BRIEF>
From the first line to the last, copy the listing exactly and omit the images.

INFORMATION SUPPLIED>
__________________________________________________
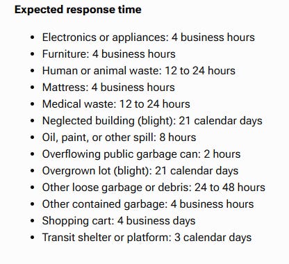 Report trash via 311 app (use an exact address if there is a problematic household, bar or restaurant; contact the restaurant or cafe first to make sure the managers/owners are aware, if not responsive, then report away).
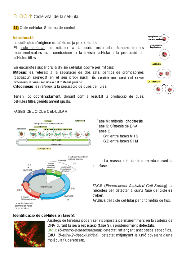 Apunts Biologia Cel·lular BLOC 4: El cicle vital de la cèl·lula
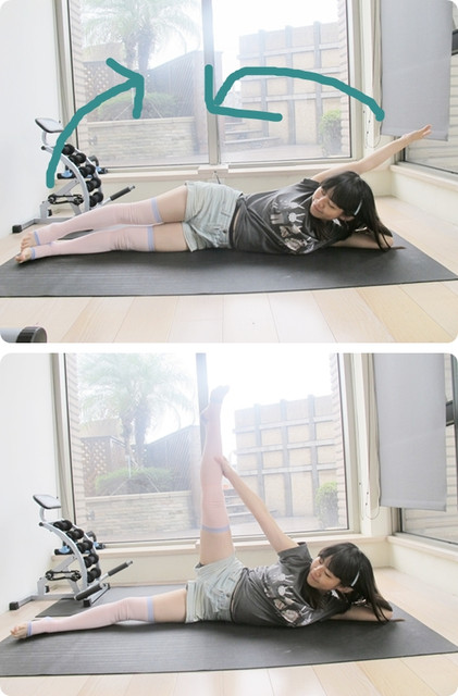 當腿往上時!!手也要同時抓住腳!這同時可以訓練大腿內側的肉肉還有臀部以外!手臂也可以順便一起瘦下來
__________________________________________________
REPLY TO THE TASK>
 Report trash via 311 app (use an exact address if there is a problematic household, bar or restaurant; contact the restaurant or cafe first to make sure the managers/owners are aware, if not responsive, then report away).
 Apunts Biologia Cel·lular BLOC 4: El cicle vital de la cèl·lula
 當腿往上時!!手也要同時抓住腳!這同時可以訓練大腿內側的肉肉還有臀部以外!手臂也可以順便一起瘦下來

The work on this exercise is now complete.